SUPPLIED INFORMATION:
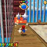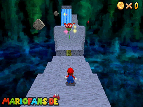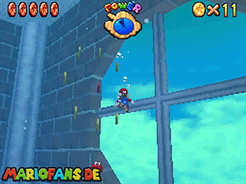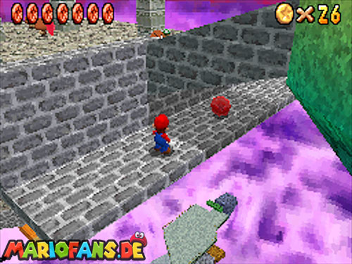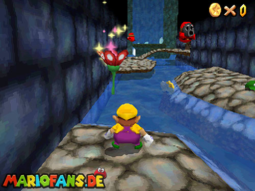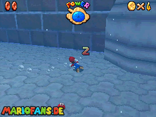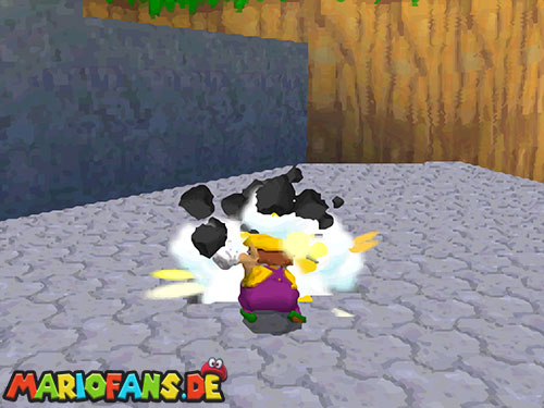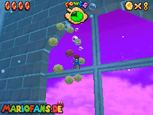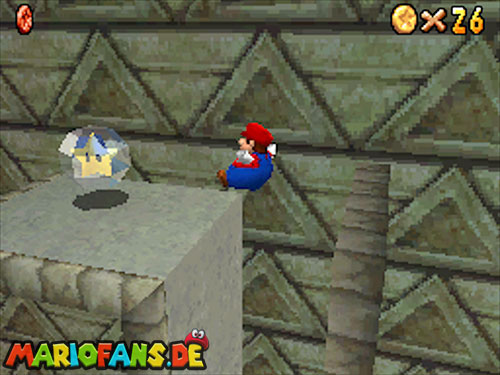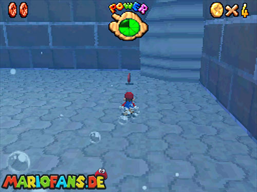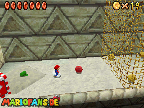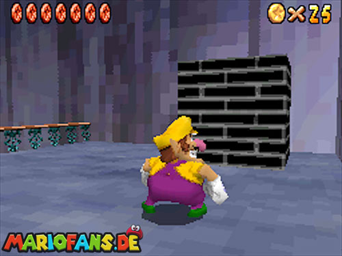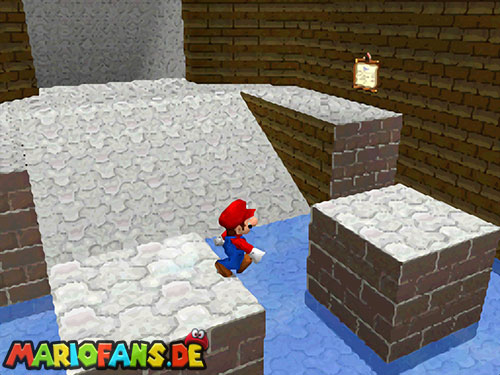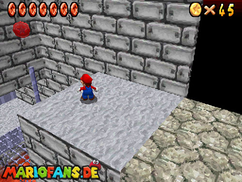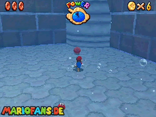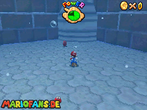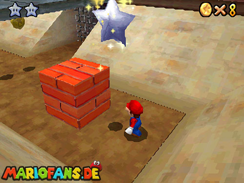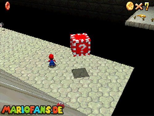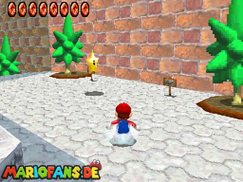 Im Hinterhof des Schlosses gibt es einige rote Blöcke, die ihr mittels Stampfattacke zerstören könnt. Dort drunter befindet sich ein Loch, welches zu einem Minilevel führt. Sammelt hier alle 5 Silbersterne ,ein um den nächsten, geheimen Schlossstern zu finden.
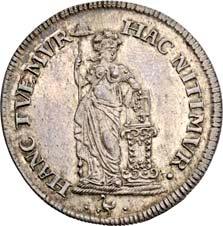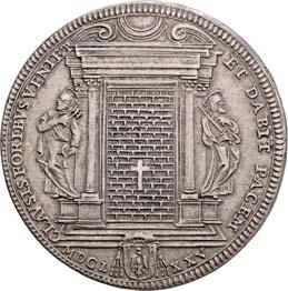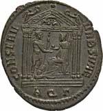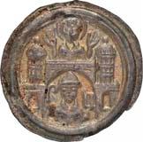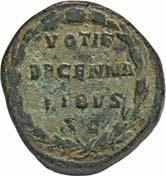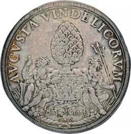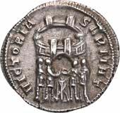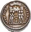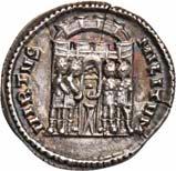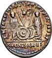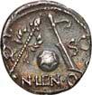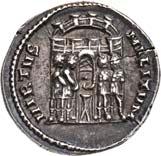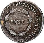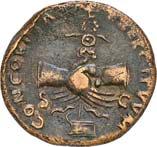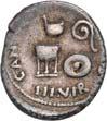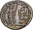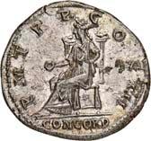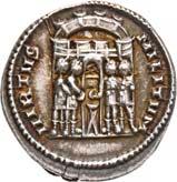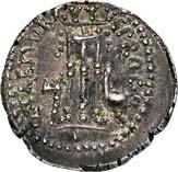 Siehe hierzu Hollstein, W., Die stadtrömische Münzprägung der Jahre 78-50 v. Chr. zwischen politischer Aktualität und Familienthematik, München 1993, S. 214 f. 3039Õ-Denar, 62 v. Chr., Rom, Paullus Lepidus und Scribonius Libo; 3,93 g. Concordiakopf r. mit Schleier und Diadem//Puteal Scribonianum, mit Girlanden und zwei Lyren geschmückt, an der Basis Hammer. Bab. 11; BMC 3383; Crawf. 417/1 a; Syd. 927.Sehr schön50,-Das Puteal Scribonianum steht auf dem Forum an der Stelle eines Blitzeinschlages. Hollstein postuliert, dass die Münzmeister dieser Gemeinschaftsprägung dem politischen Konzept der concordia ordinum des Cicero anhingen. Siehe Hollstein, W., Die stadtrömische Münzprägung der Jahre 78-50 v. Chr. zwischen politischer Aktualität und Familienthematik, München 1993, S. 216.
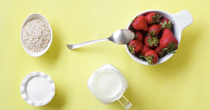Materiales: 2 tazas de leche, fresas, 2 cucharadas de avena, 2 cucharadas de azúcar y licuadora.

THE TASK: Using the material above, set down every line exactly, but skip the pictures.

ANSWER TO THE EXERCISE:
 Im Hinterhof des Schlosses gibt es einige rote Blöcke, die ihr mittels Stampfattacke zerstören könnt. Dort drunter befindet sich ein Loch, welches zu einem Minilevel führt. Sammelt hier alle 5 Silbersterne ,ein um den nächsten, geheimen Schlossstern zu finden.
 Siehe hierzu Hollstein, W., Die stadtrömische Münzprägung der Jahre 78-50 v. Chr. zwischen politischer Aktualität und Familienthematik, München 1993, S. 214 f. 3039Õ-Denar, 62 v. Chr., Rom, Paullus Lepidus und Scribonius Libo; 3,93 g. Concordiakopf r. mit Schleier und Diadem//Puteal Scribonianum, mit Girlanden und zwei Lyren geschmückt, an der Basis Hammer. Bab. 11; BMC 3383; Crawf. 417/1 a; Syd. 927.Sehr schön50,-Das Puteal Scribonianum steht auf dem Forum an der Stelle eines Blitzeinschlages. Hollstein postuliert, dass die Münzmeister dieser Gemeinschaftsprägung dem politischen Konzept der concordia ordinum des Cicero anhingen. Siehe Hollstein, W., Die stadtrömische Münzprägung der Jahre 78-50 v. Chr. zwischen politischer Aktualität und Familienthematik, München 1993, S. 216.
Materiales: 2 tazas de leche, fresas, 2 cucharadas de avena, 2 cucharadas de azúcar y licuadora.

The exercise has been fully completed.